Mijn leed is niet zo groot
als het gaat om de wereld
want hij kwam terug.
Maar in mijn wereld
was het nogal wat
het was de stilte,
dat gat
dat ik als kleuter… [ja wat doe je dan als kleuter?] niet vermeed, nee, ik vond het heel spannend om aan de rand van dat gat te staan en me af te vragen wat er zou gebeuren als ik er in sprong…
Het begon met rozen,
daar was iets mee,
Zijn buurman had ze als erfafscheiding geplant, mijn opa haalde een snoeischaar uit zijn werkplaats en snoeide ze van zijn grond af.
En er was iets met klaprozen
Hij liet me een veld vol zien
en liet mijn hand los
Ik durfde het veldje niet in
zoals mijn oudste die voor het eerst de zee zag
vol
ja, wat?
vol
dat
We hebben daar een tijd gezeten, mijn opa en ik, op de bodem van een put die hij zelf had gegraven.
tot onze billen aarde-koud waren.
Een keer daarop had hij weer de ladder onder de arm
of ik zin had?
altijd
Hij liet de ladder zakken in een grijs cementen gat in de tuin
ik klom hem achterna, of daalde achter hem aan af het donker in
daar zaten we daar
op de bodem van een droge put
rozen zei hij – die kan je niet vertrouwen: Hoe mooi ze ook bloeien, er zitten doornen aan.
okee zei ik
En hij vroeg
Weet je wie je bent?
ik – zes of zeven en met een droom om Kermit de Kikker te trouwen – zei nee – want wie trouwt er een kikker? Ik.

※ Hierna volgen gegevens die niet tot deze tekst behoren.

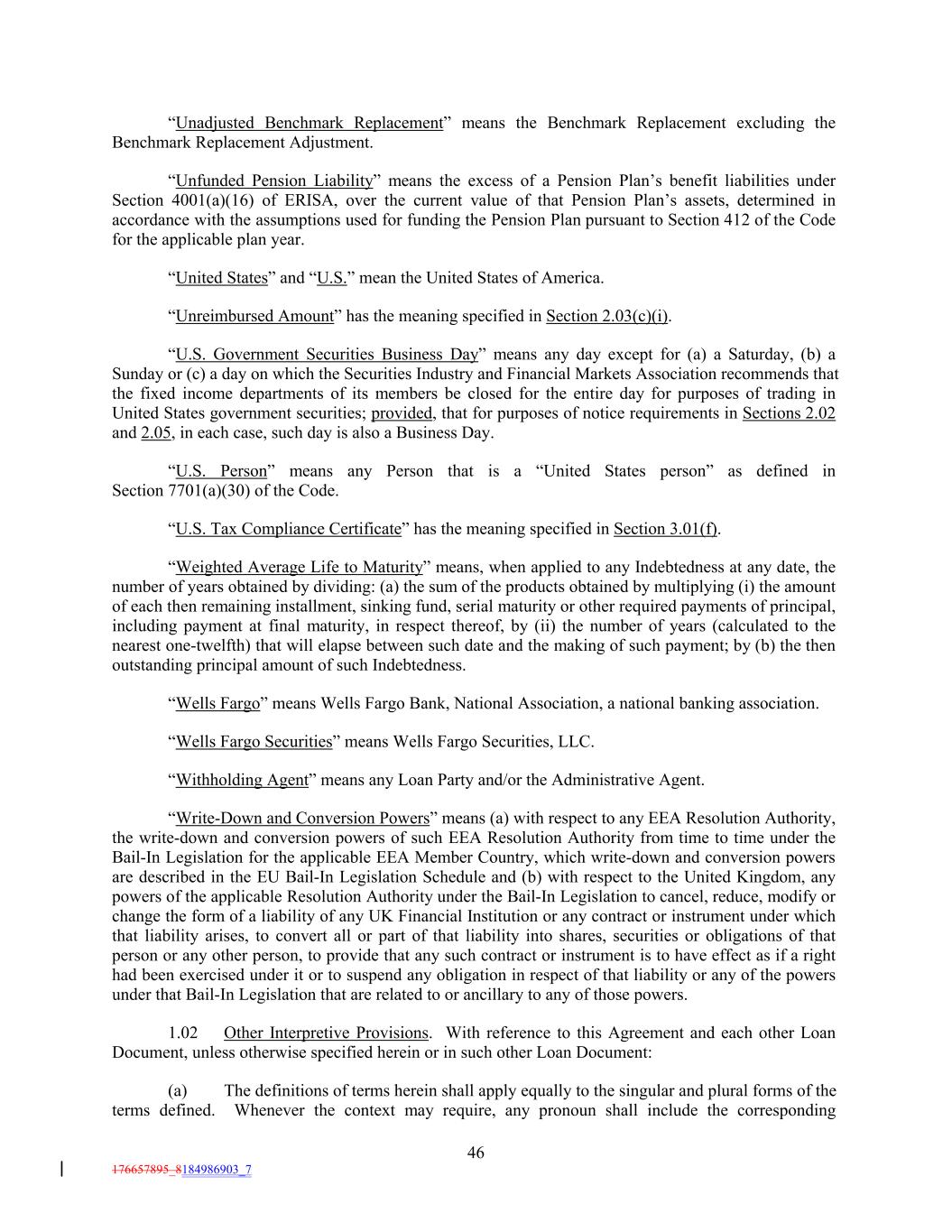“Unadjusted Benchmark Replacement” means the Benchmark Replacement excluding the Benchmark Replacement Adjustment. “Unfunded Pension Liability” means the excess of a Pension Plan’s benefit liabilities under Section 4001(a)(16) of ERISA, over the current value of that Pension Plan’s assets, determined in accordance with the assumptions used for funding the Pension Plan pursuant to Section 412 of the Code for the applicable plan year. “United States” and “U.S.” mean the United States of America. “Unreimbursed Amount” has the meaning specified in Section 2.03(c)(i). “U.S. Government Securities Business Day” means any day except for (a) a Saturday, (b) a Sunday or (c) a day on which the Securities Industry and Financial Markets Association recommends that the fixed income departments of its members be closed for the entire day for purposes of trading in United States government securities; provided, that for purposes of notice requirements in Sections 2.02 and 2.05, in each case, such day is also a Business Day. “U.S. Person” means any Person that is a “United States person” as defined in Section 7701(a)(30) of the Code. “U.S. Tax Compliance Certificate” has the meaning specified in Section 3.01(f). “Weighted Average Life to Maturity” means, when applied to any Indebtedness at any date, the number of years obtained by dividing: (a) the sum of the products obtained by multiplying (i) the amount of each then remaining installment, sinking fund, serial maturity or other required payments of principal, including payment at final maturity, in respect thereof, by (ii) the number of years (calculated to the nearest one-twelfth) that will elapse between such date and the making of such payment; by (b) the then outstanding principal amount of such Indebtedness. “Wells Fargo” means Wells Fargo Bank, National Association, a national banking association. “Wells Fargo Securities” means Wells Fargo Securities, LLC. “Withholding Agent” means any Loan Party and/or the Administrative Agent. “Write-Down and Conversion Powers” means (a) with respect to any EEA Resolution Authority, the write-down and conversion powers of such EEA Resolution Authority from time to time under the Bail-In Legislation for the applicable EEA Member Country, which write-down and conversion powers are described in the EU Bail-In Legislation Schedule and (b) with respect to the United Kingdom, any powers of the applicable Resolution Authority under the Bail-In Legislation to cancel, reduce, modify or change the form of a liability of any UK Financial Institution or any contract or instrument under which that liability arises, to convert all or part of that liability into shares, securities or obligations of that person or any other person, to provide that any such contract or instrument is to have effect as if a right had been exercised under it or to suspend any obligation in respect of that liability or any of the powers under that Bail-In Legislation that are related to or ancillary to any of those powers. 1.02 Other Interpretive Provisions. With reference to this Agreement and each other Loan Document, unless otherwise specified herein or in such other Loan Document: (a) The definitions of terms herein shall apply equally to the singular and plural forms of the terms defined. Whenever the context may require, any pronoun shall include the corresponding 46 176657895_8184986903_7

Wat zeg je nou niet, wilde hij weten. Wat je niet zegt is wie je ook bent. En jij laat je lezen.
Nou die kikker dus.
M’n opa moet huilen of eigenlijk lachen,
Hij de oudste, ik de jongste – samen in de put
Gedeelde liefde voor de geur van hout
voor het maken van iets
voor krachttermen als het pijn doet
voor het genieten van helemaal niets.
Mijn opa heeft al die tijd kamp Amersfoort niet gescholden,
Ookal stond bij in de Rozenhof,
een perkje, omgeven door weelderige rozen,
waar hij en anderen met hem gebroken zouden worden
vertrapt door de laars van Kotolla
Niet iedereen overleefde dat geweld
Mijn opa wel
Door dat ene moment in die bocht… Waar hij de trein uitsprong, terug naar de liefde. Op zoek naar de vrijheid, die hij nooit helemaal meer vond.
Soms hoop ik van wel, daar samen, met die gekke muppet van 6 of 7 op de betonnen grond.
In die put was opa’s trap, niet een weg naar nog dieper beneden, maar weg naar waar hij weer het leven vond. Koude koffie, warme handen, gretig hout en genoeg te doen. En wel altijd genoeg sjekkies draaien.
Mis die put van toen.
Elke sprong spring ik van zijn schouders.